The harvesian distance function is edited from https://www.kaggle.com/competitions/foursquare-location-matching/discussion/319853 and https://www.kaggle.com/competitions/recruit-restaurant-visitor-forecasting/discussion/48655

In [None]:
train_df = pd.read_csv("../input/foursquare-location-matching/train.csv")

In [None]:
train_df["city"].isnull().sum()/len(train_df)

In [None]:
print(train_df["latitude"].isnull().sum()/len(train_df))
print(train_df["longitude"].isnull().sum()/len(train_df))

The code above shows that there are 26% percent of city missing, which is about 300k rows.

In this notebook I use latitude and longitude info (which has no missing values) and the world-cities database, to calculate and assign the nearest city to each row

### Helper Functions

In [None]:
def harvesian(x_lats, y_lats, x_longs, y_longs):

    radius = 6371
    lats1 = x_lats.reshape((x_lats.shape[0],1))

    longs1 = x_longs.reshape((x_longs.shape[0],1))
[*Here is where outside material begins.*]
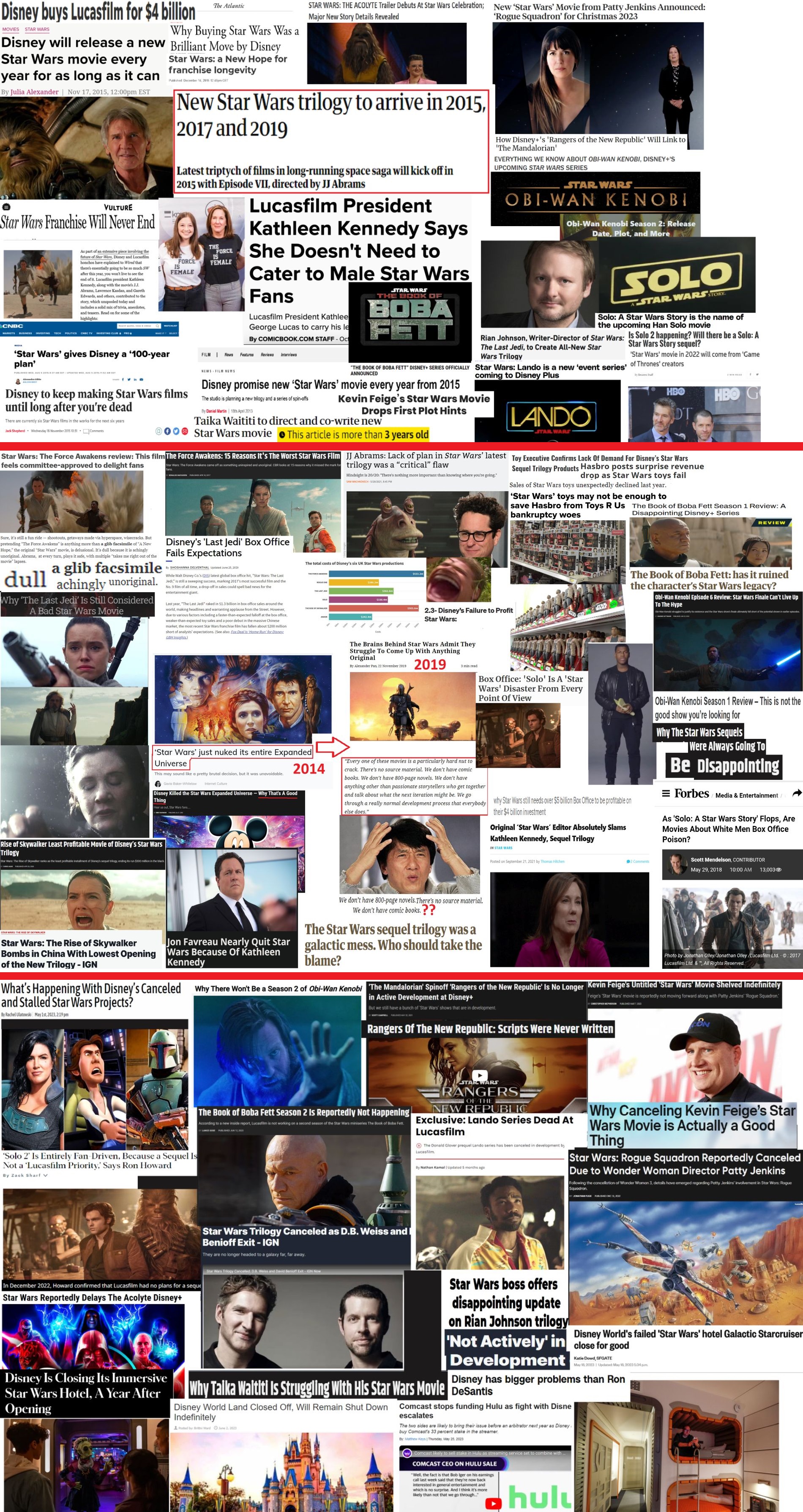 >>215492030Nobody cares anymore because they keep putting out pieces of shit that aren't any good. Mandalorian was okay, I enjoyed Ahsoka because it was a continuation of that Rebels show.Their movies suck balls. Force Awakens was okay, but The Last Jedi was bad, Rise of Skywalker was even worse. And they are spending WAY too much money on these movies only for them to make almost nothing.I mean seriously I could run Lucasfilm better than Kathleen Kennedy has.First thing I am doing is making the Ahsoka series a leadup to a Thrawn trilogy which would have starred all the old characters from the original movies (Han, Leia, Luke, etc). Han and Leia can die off, fine idc. Luke I would have at least kept around until the third movie and then maybe had him do some type of sacrifice to save the good guys. Kylo Ren would not exist. It would be Ben Solo and he's Luke's apprentice, doesn't turn to the dark side. Thrawn defeated, Jedi order returns and is run by Ben, Empire is semi-defeated, no Snake or whatever tf its name was, Palpatine is long dead and doesn't return...No "strong female characters" bullshit. Characters develop naturally in the story and are what they are.

    dlat=np.radians(y_lats - lats1)
    dlon=np.radians(y_longs - longs1)
    a = np.sin(dlat/2) * np.sin(dlat/2) + np.cos(np.radians(lats1)) \
        * np.cos(np.radians(y_lats)) * np.sin(dlon/2) * np.sin(dlon/2)
    c = 2 * np.arctan2(np.sqrt(a), np.sqrt(1-a))
    d = radius * c

    return d

### Finding Nearst City

In [None]:
cities_df = pd.read_csv("../input/world-cities/worldcities.csv")

In [None]:
y_lats, y_longs = cities_df["lat"].values, cities_df["lng"].values
'''
    n is the batch size of rows to calculate, since calculating the whold df at the same time\
    will produce a matrix of size 1138812*42905, which is very difficult to fit into memory.
    Therefore you can set the value of n based on your RAM.
'''

'''
n = 500
count = 0
while count < len(train_df):

    cut = train_df.loc[count:count+n,:]

    x_lats, x_longs = cut["latitude"].values, cut["longitude"].values

    res = harvesian(x_lats, y_lats, x_longs, y_longs)
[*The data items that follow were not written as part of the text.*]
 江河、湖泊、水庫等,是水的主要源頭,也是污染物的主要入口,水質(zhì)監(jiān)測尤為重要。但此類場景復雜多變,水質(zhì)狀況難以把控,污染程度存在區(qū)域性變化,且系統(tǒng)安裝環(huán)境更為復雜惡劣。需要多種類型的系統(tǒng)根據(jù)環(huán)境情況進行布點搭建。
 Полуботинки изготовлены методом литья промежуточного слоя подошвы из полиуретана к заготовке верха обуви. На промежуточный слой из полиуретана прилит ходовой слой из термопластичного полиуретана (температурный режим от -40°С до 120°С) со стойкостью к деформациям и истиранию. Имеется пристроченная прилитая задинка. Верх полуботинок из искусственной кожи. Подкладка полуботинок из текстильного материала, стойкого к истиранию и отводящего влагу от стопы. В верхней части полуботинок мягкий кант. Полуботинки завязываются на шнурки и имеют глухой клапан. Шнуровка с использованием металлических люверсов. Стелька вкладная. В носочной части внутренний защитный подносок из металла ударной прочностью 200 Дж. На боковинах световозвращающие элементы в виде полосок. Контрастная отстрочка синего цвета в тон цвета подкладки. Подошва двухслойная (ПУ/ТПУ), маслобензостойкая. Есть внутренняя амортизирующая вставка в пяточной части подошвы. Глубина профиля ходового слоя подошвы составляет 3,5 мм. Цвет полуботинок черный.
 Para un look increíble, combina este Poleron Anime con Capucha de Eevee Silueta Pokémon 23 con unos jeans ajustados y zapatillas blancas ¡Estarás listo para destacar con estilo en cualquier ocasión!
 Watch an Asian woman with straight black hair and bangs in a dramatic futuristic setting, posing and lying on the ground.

    indexes = res.argmin(axis=1)

    train_df.loc[count:count+n,"new_city"] = cities_df.loc[indexes,"city_ascii"].values
    train_df.loc[count:count+n,"new_country"] = cities_df.loc[indexes,"iso2"].values

    count += n
'''

I commented the above code because it runs too slow on kaggle cpu, therefore I just upload the result

If anybody knows ways to speed up this process, please leave a comment

In [None]:
# The result df from the previous cell
new_df = pd.read_csv("../input/code-output/new_train.csv")

## Analyse Differences

In [None]:
# Unique City Values
origin_num = new_df["city"].nunique()
new_num = new_df["new_city"].nunique()
print(f"Origin No of Unique Cities:{origin_num}, New No of Unique Cities:{new_num}")

In [None]:
# Null Values
new_df[["new_city","new_country"]].isnull().sum()

In [None]:
new_df[new_df["new_country"].isnull()]

The null values in new_country are because the iso2 code for Namibia is NA, which is missrecognized by pandas a null values

In [None]:
# Percent of new_country identical to the origin country
print(new_df[new_df["country"] == new_df["new_country"]].shape[0] / len(new_df))
# Percent of new_city identical to the origin city
print(new_df[new_df["city"] == new_df["new_city"]].shape[0] / len(new_df))
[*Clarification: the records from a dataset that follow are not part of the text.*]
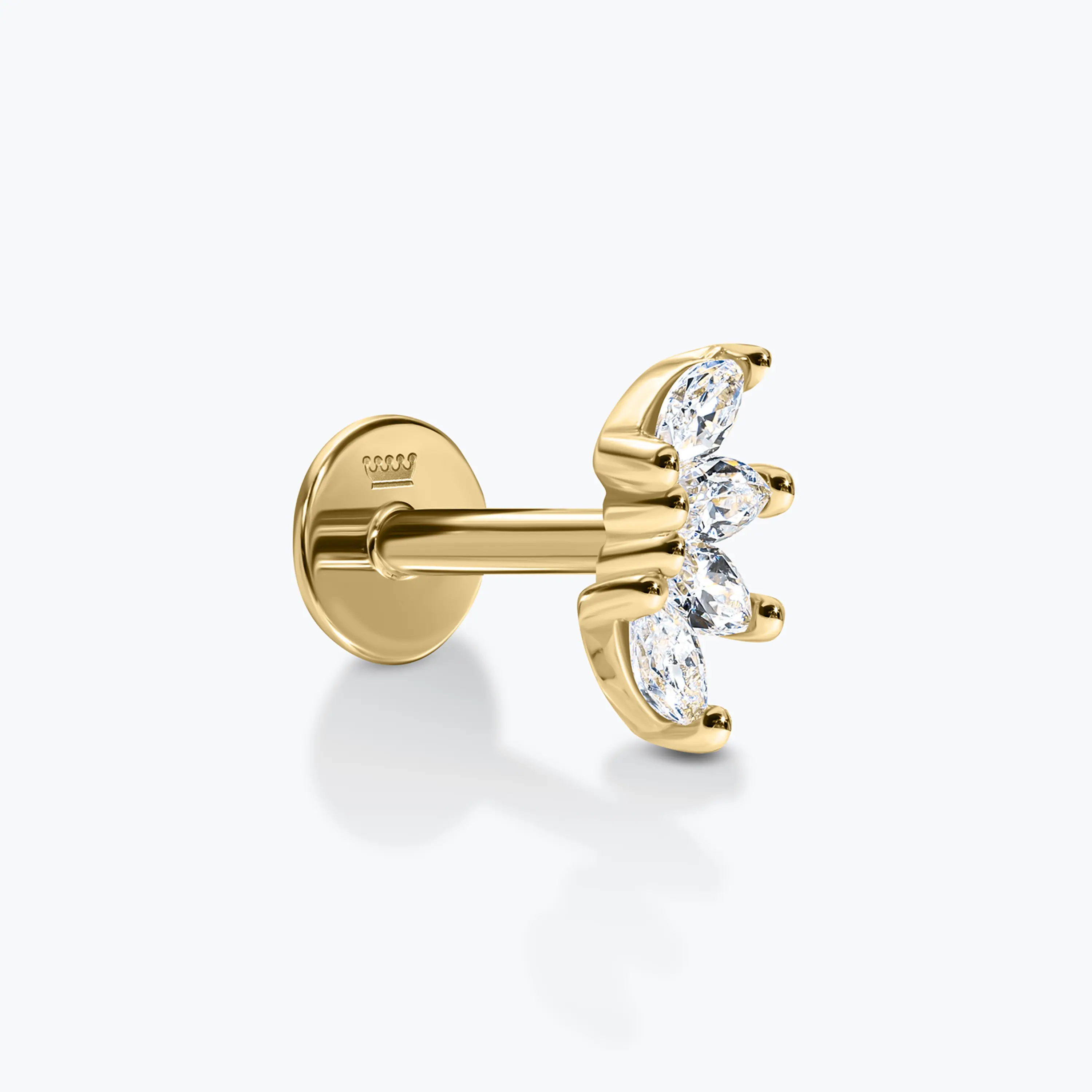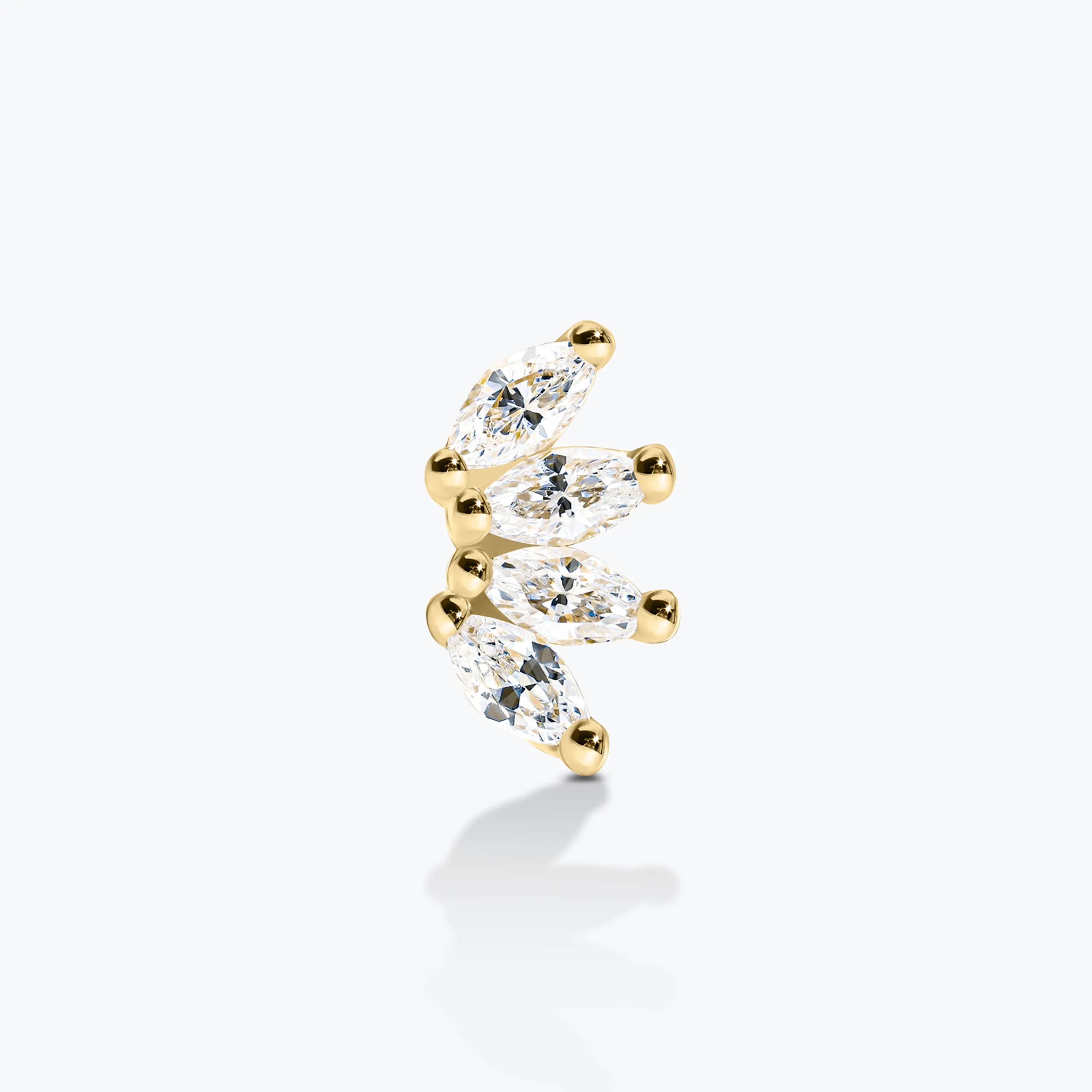עגיל בודד עשוי זהב 14K בעיצוב לוטוס עם ארבעה עלים, בהשראת צורת חצי פרח אלגנטית ועדינה. העגיל משובץ זרקונים בחיתוך מרקיז היוצרים מראה רך ומאוזן, עם נוכחות עדינה אך בולטת. מתאים לענידה כעגיל הליקס, פירסינג או עגיל שני ושלישי, עם סגירת הברגה נוחה ובטוחה לשימוש יומיומי.
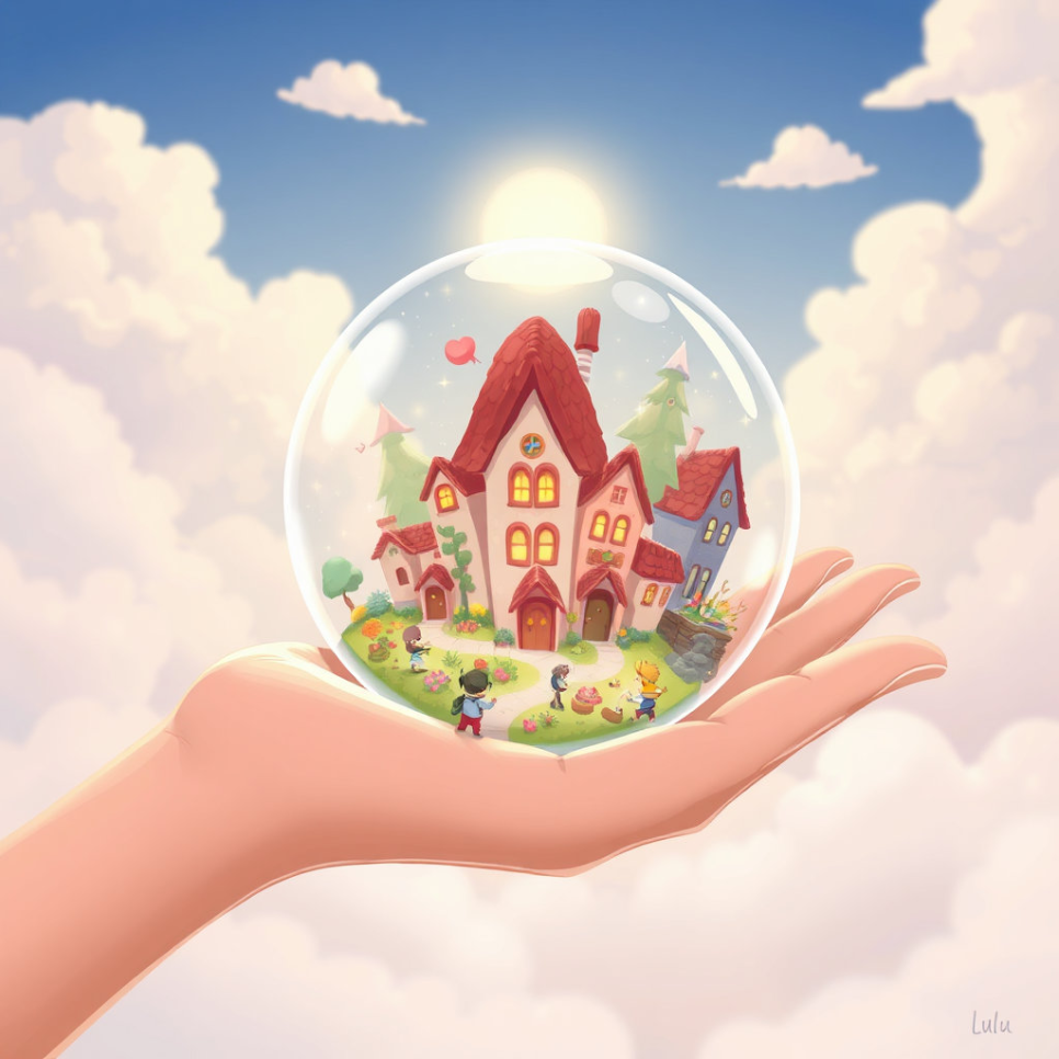 루루는 공방 구석에서 투명한 유리 구슬을 발견했어요. 손에 쥐자 구슬 안에서 작은 마을과 사람, 나무들이 움직였죠. “와, 진짜 살아 있어!” 루루가 소리쳤어요. 유리 구슬 속 마을은 햇빛에 반짝이며 루루를 부르는 듯했어요. 루루는 손끝으로 구슬 속 길을 따라 작은 요정들을 만나며 모험을 시작했답니다.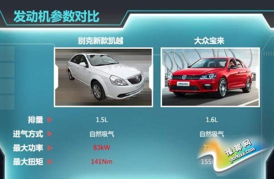 紧凑级家轿一直是各大厂商的必争之地,大众宝来是凯越的竞争对车型之一。新款凯越将继续使用1.5L汽油发动机,最大功率为83kW,峰值扭矩为141Nm。与大众宝来搭载的1.6L(最大功率77kW,最大扭矩155Nm)发动机相比,新款凯越所搭载引擎相比宝来1.6L引擎在最大功率方面存在优势。传动系统方面,与发动机匹配的是5速手动变速箱。

It seems that recorded and calculated country info are nearly the same

Cities however are quite different

In [None]:
# let's look at top differences
new_df[new_df["city"] != new_df["new_city"]]["new_city"].value_counts()

In [None]:
new_df[new_df["new_city"] =='Bangkok']["city"].value_counts()[:15]
# According to google map, Pathum Wan, Bang Rak and Wadhama appears to be districts of Bangkok (please correct me if i'm wrong)

In [None]:
new_df[new_df["new_city"] =='Jakarta']["city"].value_counts()[:15]
# It seems that most results are indeed Jakarta

In [None]:
new_df[new_df["new_city"] =='Moscow']["city"].value_counts()[:15]
# Moscow in different languages found in original df
# PS: Please forgive me for not sticking to the official language of each nation, I choose English only because of the uniformity

**The above cells shows that the process of allocate city base on coordinates not only fills nan values from the origin dataframe, but also groups together city names that are supposed to be the same.**

There is an old saying in China, "Cast a brick to attract jade", hope my commonplace work can inspire you to reach amazing results! (Don't forget to share your idea with us!)